There is a fundamental trade-off between the expressiveness of the language and the tractability of the reasoning task in knowledge representation. On the one hand it is widely acknowledged that relations and more generally, the expressiveness of first-order logic is extremely useful for capturing concepts required for common-sense reasoning. But at the same time the entailment problem is only semi-decidable.
There have been a wide range of approaches to deal with this trade-off, from restricting the language to propositional logic to limit the expressiveness of the language in terms of the arity of the predicates (as in description logics) or the use of negation (as in Horn logic) to limit reasoning by weakening the entailment relation using non-standard semantics.

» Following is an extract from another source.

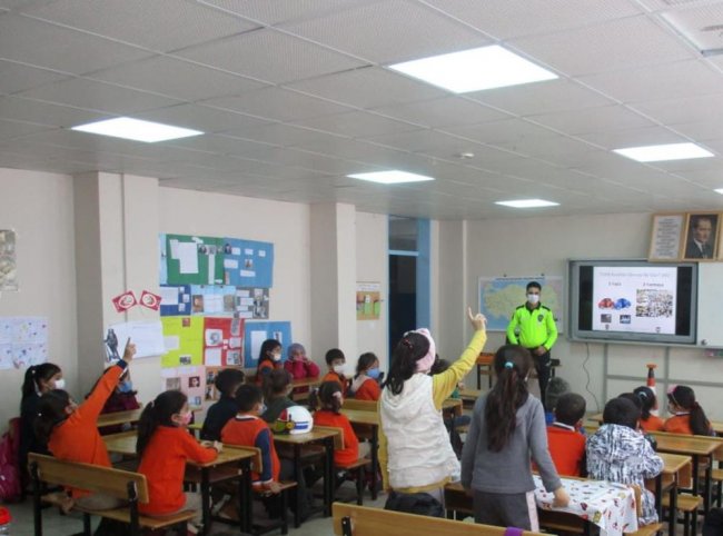 Kars İl Emniyet Müdürlüğü Sarıkamış Trafik Tescil ve Denetleme Büro Amirliği ekiplerince okullarda öğrenciler bilgilendiriliyor.

In this work, we address a gap in this literature. We show that there is an intuitive fragment of first-order disjunctive knowledge, for which reasoning is decidable and can be reduced to propositional satisfiability. Knowledge bases in this fragment correspond to universally quantified first-order clauses, but without arity restrictions and without restrictions on the appearance of negation. Queries, however, are expected to be ground formulas. We achieve this result by showing how the entailment over infinitely many infinite-sized structures can be reduced to a search over finitely many finite-size structures. The crux of the argument lies in showing that constants not mentioned in the knowledge base and/or query behave identically (in a suitable formal sense). We then go on to also show that there is also an extension to this result for function symbols.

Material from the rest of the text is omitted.